The "Today" staff held a party last week for three occasions: to celebrate the streak, the holiday season and to bid farewell to NBC Universal chief Jeff Zucker, who will leave when Comcast takes control of the company. Zucker was the "Today" executive producer in 1995, and he rocketed up the corporate ladder in large part because of his success there.
"For so many people, they watch it because their parents watched it and their grandparents watched it," Vieira said. "There is a tradition to the show."

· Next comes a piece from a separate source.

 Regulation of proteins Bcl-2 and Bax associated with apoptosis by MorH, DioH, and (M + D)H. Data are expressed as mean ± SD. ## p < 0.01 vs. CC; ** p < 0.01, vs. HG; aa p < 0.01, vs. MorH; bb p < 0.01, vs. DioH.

The winning streak is about more than pride. Zucker estimates the show has earned NBC $3 billion in pure profit during those 15 years. "Today" would have been profitable even without being No. 1, but not nearly to that level, he said
"In this era of highly fragmented television, with so many different options that viewers have, to be able to have that kind of a record every day is really quite extraordinary," said Tim Brooks, author of "The Complete Directory to Prime-Time Network and Cable Television."

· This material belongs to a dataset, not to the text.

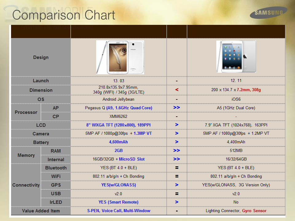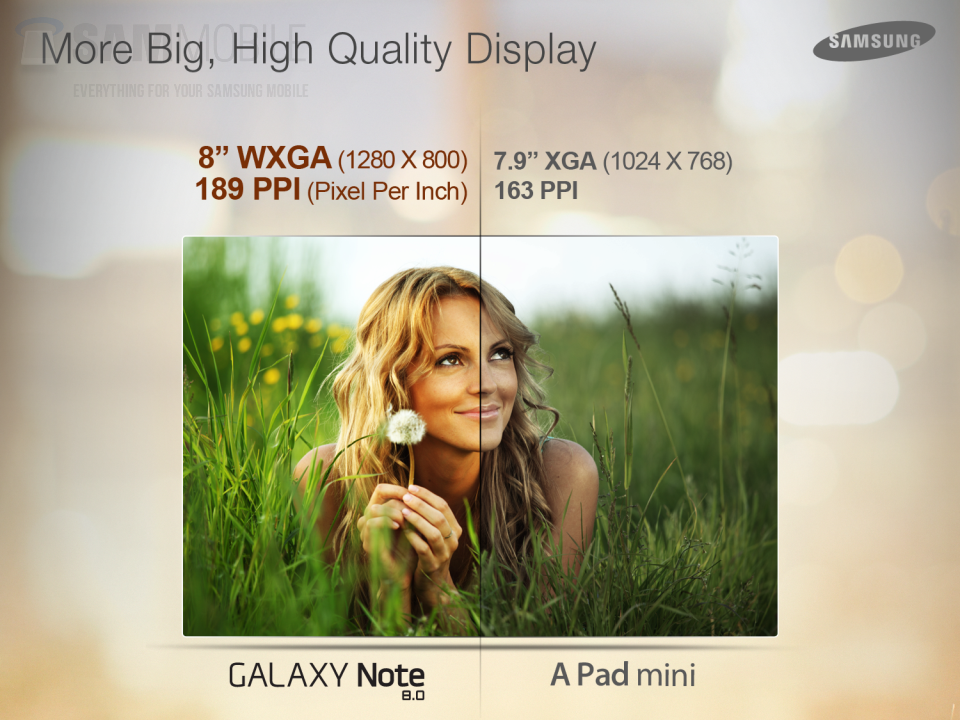 Samsung's Galaxy Note 8.0 is almost better in all ways. The only advantage the iPad Mini has over the Galaxy Note 8.0 is its thickness. Samsung expects to sell the Galaxy Note 8.0 from April. The price is a bit higher than the iPad mini.

"Today" pioneered the morning-show genre in 1952, and spent most of its history atop the ratings. The primary exception came in the late 1980s into the early 1990s, when the "Good Morning America" team of Charles Gibson and Joan Lunden was dominant.

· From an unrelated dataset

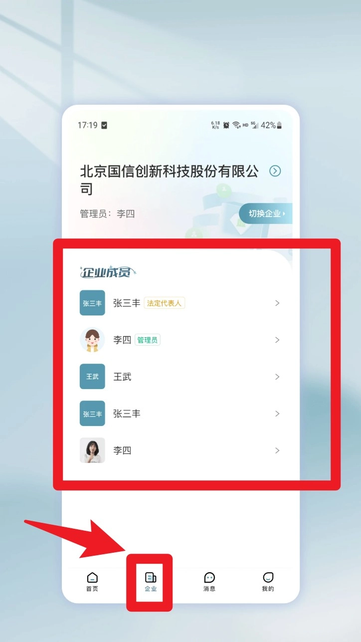 进入首页后,点击底部的“企业”模块,就能查看公司成员列表以及当前所属的企业信息。
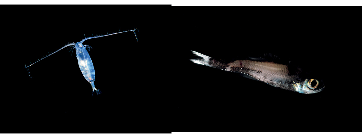 Figure 5.2 The copepod Calanus finmarchicus (left) and a mesopelagic lanternfish (right).

Ending the current streak would take a powerful rival and a serious misstep by NBC, Brooks said. That's not impossible – "Today" seriously alienated its audience by replacing Jane Pauley with Deborah Norville two decades ago – but it hasn't happened lately.
Bell owes his job to the last time "Today" was seriously challenged. That was in the spring of 2005, when "Good Morning America" took advantage of a lethargic NBC and the sensation then surrounding ABC's "Desperate Housewives." During one week that May, "GMA" narrowed the gap to only 43,000 viewers, Nielsen said. NBC cleared the decks, firing Bell's predecessor even though he had never lost a week.
"The challenge definitely woke us up," Bell said. "It made us look at ourselves and how we were doing the show and change a few things. It reinvigorated us. We knew we had to fight for every viewer and for every booking."
That day-to-day competition is fierce, but one reason a serious challenge to NBC's reign may not be imminent is because the other two network morning shows essentially follow the same format. "The Early Show" on CBS is in the midst of changing its entire on-air team, but nothing has been said about changes to the content.
Several successful cable shows, like "Fox & Friends" on Fox News Channel and "Morning Joe" on MSNBC, follow the format of people sitting around and talking about the news. Even the Golf Channel is joining the party; it just announced the start of a two-hour morning show.
"It works," Brooks said. "The basic approach is one that people want in the morning."
Adding a third, then fourth, hour to "Today" carried the potential of diluting a powerful brand. Bell chose to walk the fine line of making those hours distinct but not so much that they didn't look like "Today." Ann Curry, Natalie Morales and Al Roker host the show's third hour, with the bawdy team of Kathie Lee Gifford and Hoda Kotb taking over for the fourth.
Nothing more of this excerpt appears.